#### Given entries ####

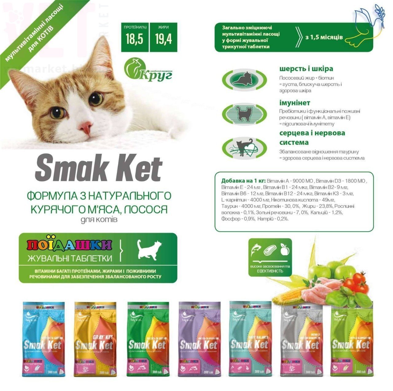 Мультивітамінна харчова добавка для котів Smak Ket КУРКА І БІОТИН є, одночасно, і вітамінами, і смачними ласощами для Вашого вихованця. Зроблені у вигляді привабливих жувальних таблеток, які містять весь список необхідних вітамінів і амінокислот для гарного самопочуття і настрою. Відрізняються високим поїданням і можуть використовуватися для ігор і заохочення.
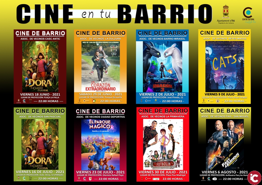 Esta misma semana comienzan las tan esperadas sesiones de cine gratuito al aire libre, los viernes, a las 22:00 h. Irán rotando por cada uno de los barrios de la localidad y a ellas está invitada toda la ciudadanía ibense. El Casco Antiguo proyectará Dora. La Ciudad perdida, el viernes 18 de junio, en la Plaza de la Palla. El sábado, 29 de junio, La Dulzura proyectará Un corazón extraordinario, en el Parque Giravella.
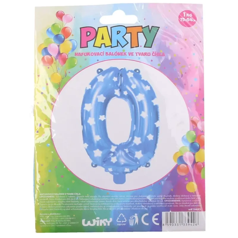 Vhodný na dekoratívne účely, ako párty doplnok alebo drobný darčekový a reklamný predmet. veľkosť balóna: 75 x 54 cmobsah balenia 1 ksmodrý s hviezdami, číslo 0
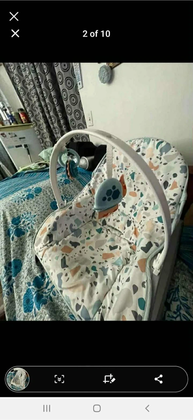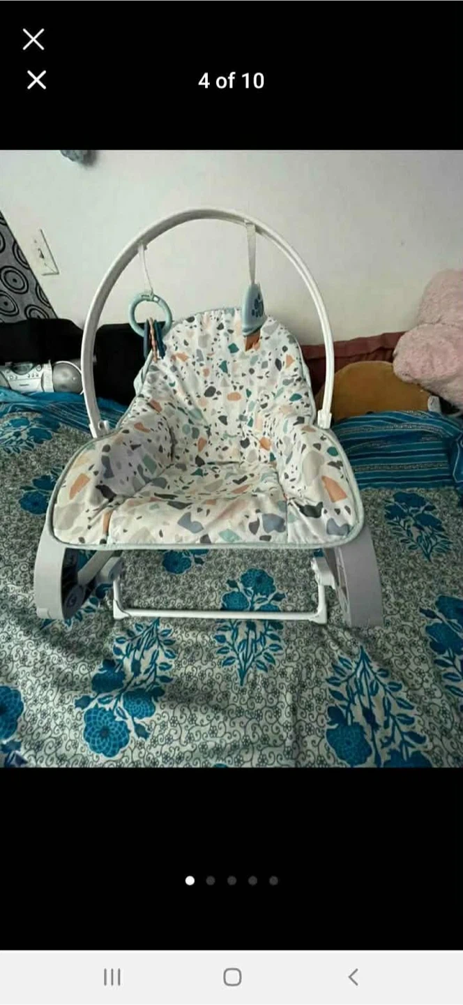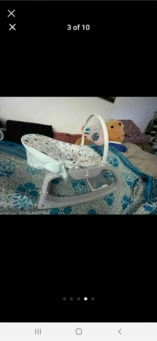 This Fisher-Price rocker bassinet offers a cozy spot for your little one. It features a gentle rocking motion and a removable toy bar with plush toys. The fabric is soft and patterned with a modern terrazzo design. It's perfect for newborns and infants.
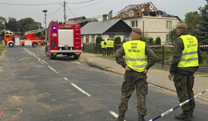 Πυροσβέστες και άνδρες της εδαφικής άμυνας στέκονται κοντά στη κατεστραμμένη στέγη ενός σπιτιού, αφού ρωσικά drone παραβίασαν τον πολωνικό εναέριο χώρο κατά τη διάρκεια επίθεσης στην Ουκρανία, στο Βίρικι κοντά στο Λούμπλιν της Πολωνίας, την Πέμπτη 11 Σεπτεμβρίου 2025. (AP Photo/Rafal Niedzielski)

####

#### How to complete this task
Only the text of the records above is to be reproduced, exactly as given; the pictures are dropped.

#### Your response
 Мультивітамінна харчова добавка для котів Smak Ket КУРКА І БІОТИН є, одночасно, і вітамінами, і смачними ласощами для Вашого вихованця. Зроблені у вигляді привабливих жувальних таблеток, які містять весь список необхідних вітамінів і амінокислот для гарного самопочуття і настрою. Відрізняються високим поїданням і можуть використовуватися для ігор і заохочення.
 Esta misma semana comienzan las tan esperadas sesiones de cine gratuito al aire libre, los viernes, a las 22:00 h. Irán rotando por cada uno de los barrios de la localidad y a ellas está invitada toda la ciudadanía ibense. El Casco Antiguo proyectará Dora. La Ciudad perdida, el viernes 18 de junio, en la Plaza de la Palla. El sábado, 29 de junio, La Dulzura proyectará Un corazón extraordinario, en el Parque Giravella.
 Vhodný na dekoratívne účely, ako párty doplnok alebo drobný darčekový a reklamný predmet. veľkosť balóna: 75 x 54 cmobsah balenia 1 ksmodrý s hviezdami, číslo 0
 This Fisher-Price rocker bassinet offers a cozy spot for your little one. It features a gentle rocking motion and a removable toy bar with plush toys. The fabric is soft and patterned with a modern terrazzo design. It's perfect for newborns and infants.
 Πυροσβέστες και άνδρες της εδαφικής άμυνας στέκονται κοντά στη κατεστραμμένη στέγη ενός σπιτιού, αφού ρωσικά drone παραβίασαν τον πολωνικό εναέριο χώρο κατά τη διάρκεια επίθεσης στην Ουκρανία, στο Βίρικι κοντά στο Λούμπλιν της Πολωνίας, την Πέμπτη 11 Σεπτεμβρίου 2025. (AP Photo/Rafal Niedzielski)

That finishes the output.